The depth of scholarship of the book is shown in the detailed notes and references, the comprehensive bibliography of sources and a solid index.

Van der Waal is a much sought after book, but in many ways it is under appreciated perhaps because it has such a period look with the profusion of illustrations in sepia tones. The book was also published in Afrikaans. Fortunately for collectors of Johannesburgiana the books is still fairly readily available in antiquarian book shops or on line and the price comes in at anywhere between R500 (Bidorbuy site in Afrikaans) to $100 for an English title. I think it is a title that still has the potential to rise in price, and as more collectors become aware of this classic the price will indeed rise as the book is out of print.  I stand to be corrected but my impression is that the book was written in Afrikaans and then translated into English and the two translators, Erasmus and van den Berg deserve an acknowledgement for a job well done.

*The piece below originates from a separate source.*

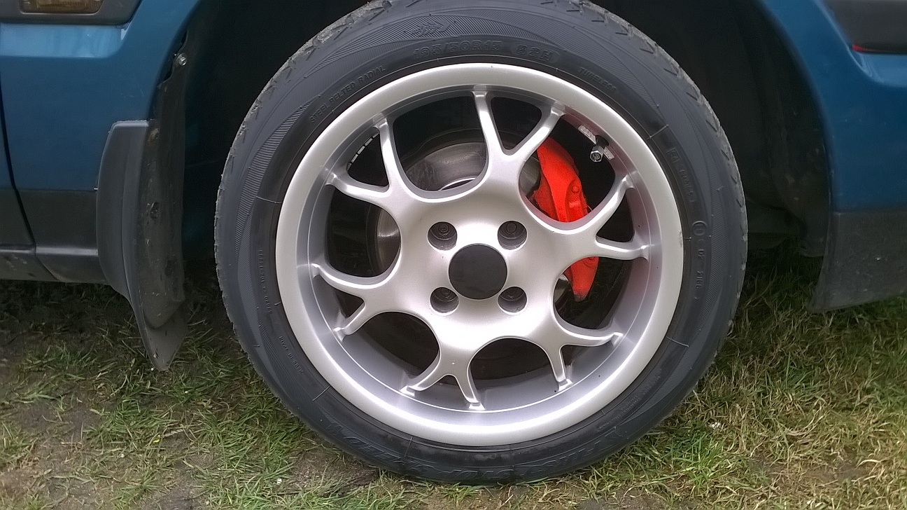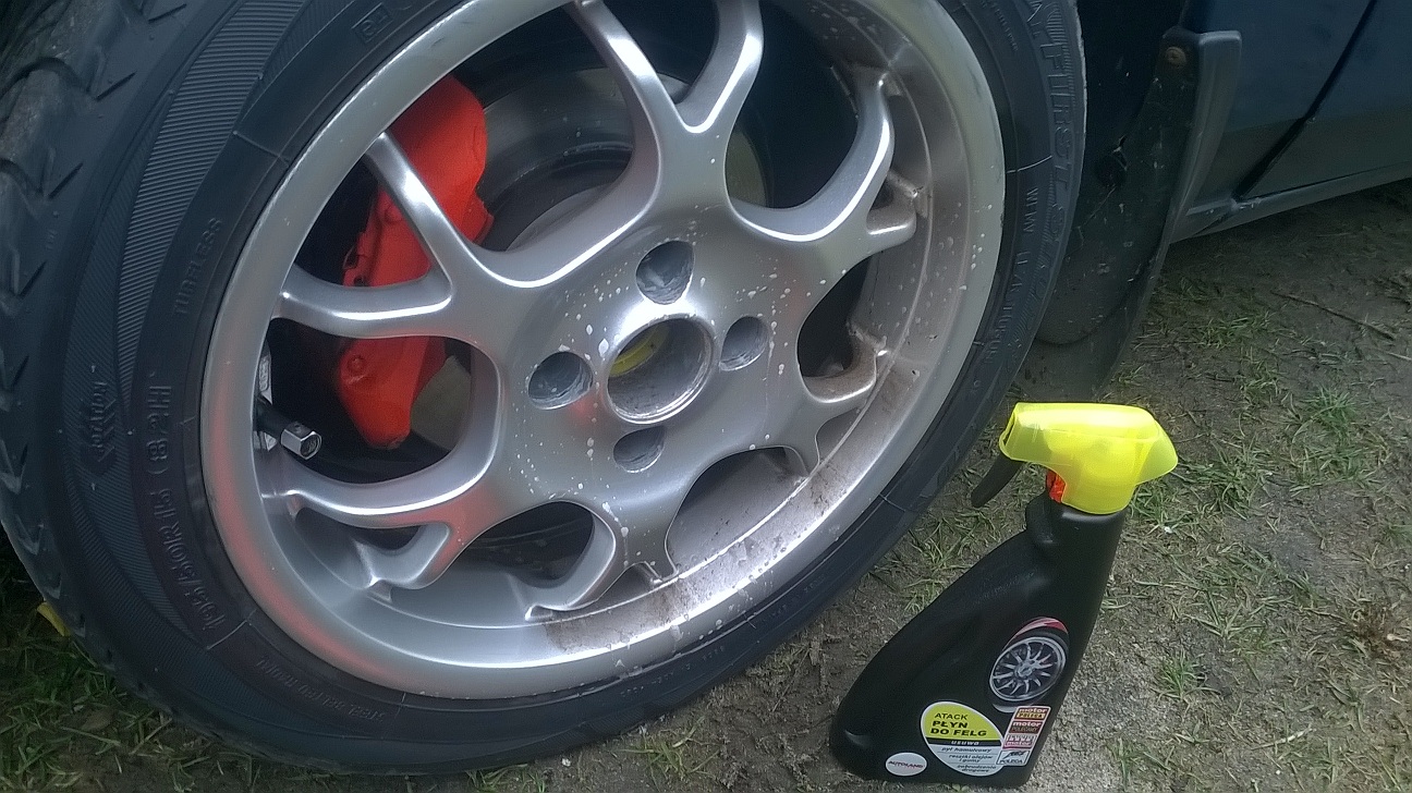 Dziś postanowiłem zająć się aluskami . Były zczrniałe i brudne. Zakupiłem w tesco fajny preparat do mycia felg i powiem że robi robotę :–). Oczywiście oponki też zostały wypolerowane i mogę się pochwalić nakrętkami na wentylki mazdaspeed

Kathy Munro is an Honorary Associate Professor in the School of Architecture and Planning at the University of the Witwatersrand. She enjoyed a long career as an academic and in management at Wits University. She trained as an economic historian. She is an enthusiastic book person and has built her own somewhat eclectic book collection over 40 years. Her interests cover Africana, Johannesburg history, history, art history, travel, business and banking histories.